- **WORK INSTRUCTIONS**:
Among the entries below, copy only the span from the line containing "DBY-100立式臥式襯氟電動(dòng)隔膜泵安裝尺寸區別" through the line containing "Ударні безпілотники атакували". Do so exactly, and skip the pictures.

- **INPUT DATA**:
╔══
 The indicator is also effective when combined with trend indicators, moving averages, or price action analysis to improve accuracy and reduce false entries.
╚══
╔══
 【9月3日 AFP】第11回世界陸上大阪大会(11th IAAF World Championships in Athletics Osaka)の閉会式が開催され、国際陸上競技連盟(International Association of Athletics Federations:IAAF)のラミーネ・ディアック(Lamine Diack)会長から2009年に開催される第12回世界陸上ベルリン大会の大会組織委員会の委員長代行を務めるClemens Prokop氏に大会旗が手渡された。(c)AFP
╚══
╔══
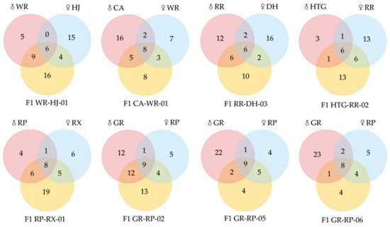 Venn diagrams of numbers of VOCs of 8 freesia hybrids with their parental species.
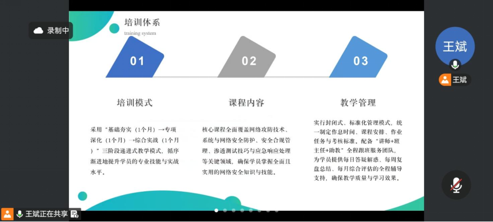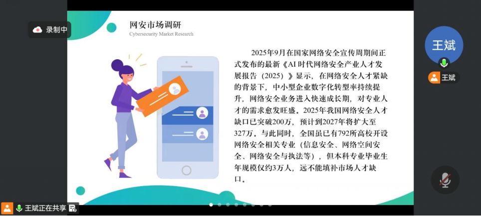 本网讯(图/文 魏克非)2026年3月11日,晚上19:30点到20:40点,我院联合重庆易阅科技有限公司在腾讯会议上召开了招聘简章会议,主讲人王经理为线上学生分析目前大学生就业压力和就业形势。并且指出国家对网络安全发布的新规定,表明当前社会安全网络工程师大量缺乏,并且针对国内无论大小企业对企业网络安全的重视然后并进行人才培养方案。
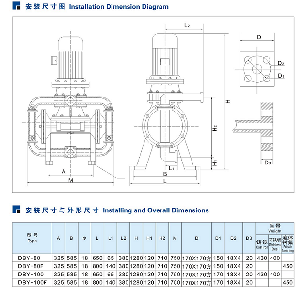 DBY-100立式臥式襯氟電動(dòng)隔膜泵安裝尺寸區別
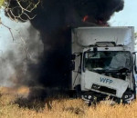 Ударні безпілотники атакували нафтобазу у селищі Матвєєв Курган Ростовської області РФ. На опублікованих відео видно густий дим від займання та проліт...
╚══
- **RESPONSE AREA**:
 DBY-100立式臥式襯氟電動(dòng)隔膜泵安裝尺寸區別
 Ударні безпілотники атакували нафтобазу у селищі Матвєєв Курган Ростовської області РФ. На опублікованих відео видно густий дим від займання та проліт...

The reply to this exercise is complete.